Text provided under a Creative Commons Attribution license, CC-BY. All code is made available under the FSF-approved MIT license. (c) Marc Spiegelman

In [1]:
%matplotlib inline
import numpy as np
import scipy.linalg as la
import matplotlib.pyplot as plt

Fun with polynomials

GOAL: Explore the ideas of Interpolation, Least Squares fitting and projection of continous functions onto the function space $P_2[-1,1]$

The Space $P_2[-1,1]$

Consider the space of all second order polynomials on the closed interval $x\in[-1,1]$ which is a subspace of continuous functions $C^0[-1,1]$. To completely describe a vector space we need a basis: a set of linear independent vectors that span the space.
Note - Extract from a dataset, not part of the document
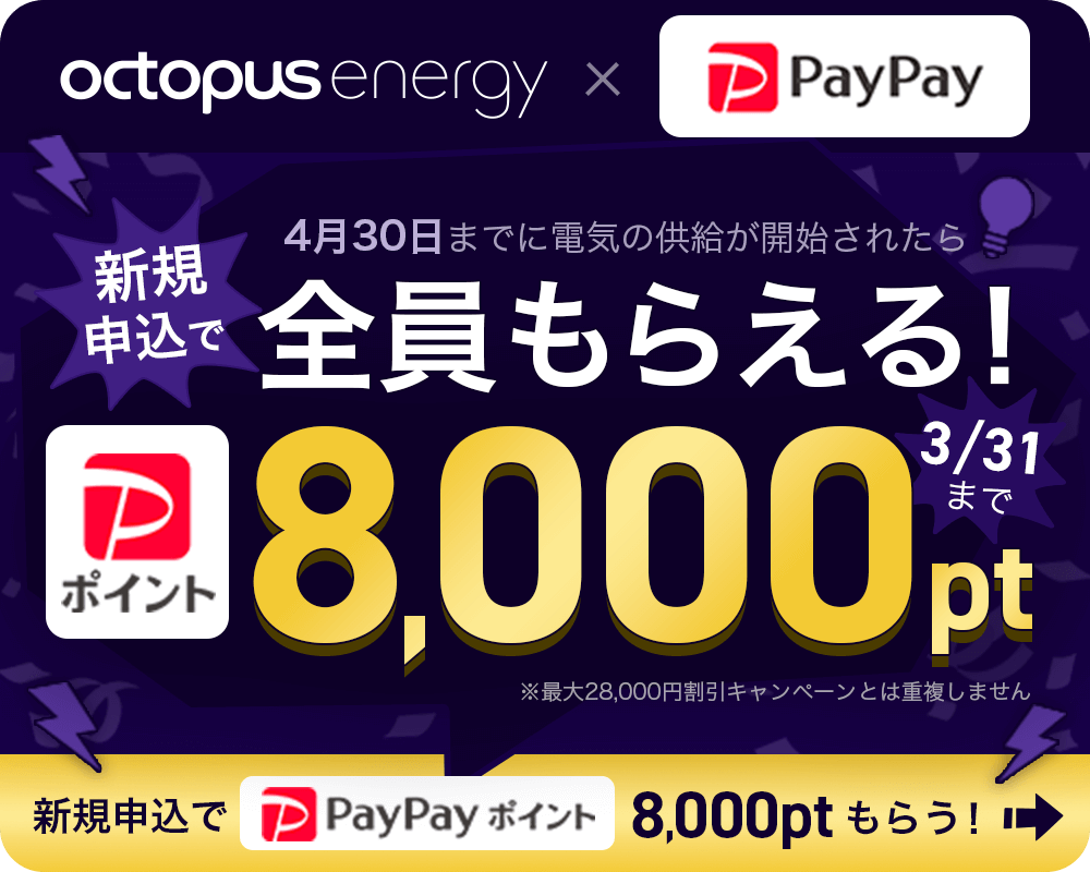 クレジットカード、口座振替、コンビニ払い | 【最大28,000円の電気代割引キャンペーン!】新規申込でもれなく全員8,000円割引 + 抽選で100名様に20,000円割引が当たる! |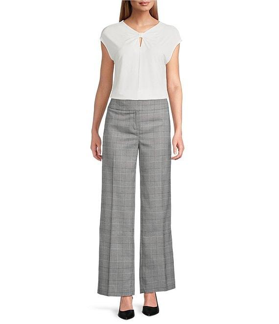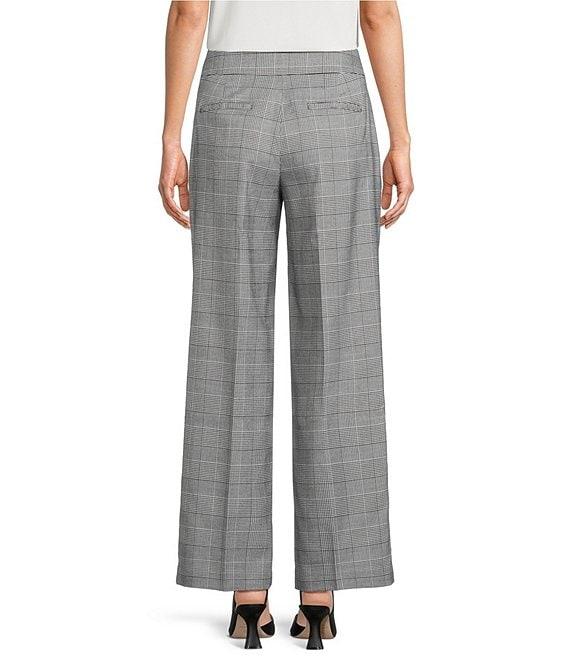 Kasper Plaid Flat Front Mid Rise Wide Leg Pants

While there are many possible bases for $P_2[-1,1]$, here we will consider the simplest monomial basis $p_0(x)=1$, $p_1(x)=x$, $p_2(x)=x^2$ or

$$ P_2(x)[-1,1] = \mathrm{span}<1,x,x^2> $$

i.e. every vector in $P_2$ can be written as a linear combination of the basis vectors as

$$ f(x) = c_0p_0 + c_1p_1 + c_2p_2 = c_0 + c_1 x + c_2x^2 $$

The space P_2(x)[-1,1] is said to be isomorphic to $R^3$ as every vector in $P_2$ can be associated with a unique vector in $R^3$

$$ \mathbf{c}= [ c_0, c_1, c_2]^T $$

here we will set up a bit of python to evaluate polynomials


In [2]:
# lambda functions for each of the basis functions
p0 = lambda x: np.ones(x.shape)
p1 = lambda x: x
p2 = lambda x: x**2


# lambda function for the matrix whose columns are p_i(x)
A = lambda x: np.array([ p0(x), p1(x), p2(x)]).transpose()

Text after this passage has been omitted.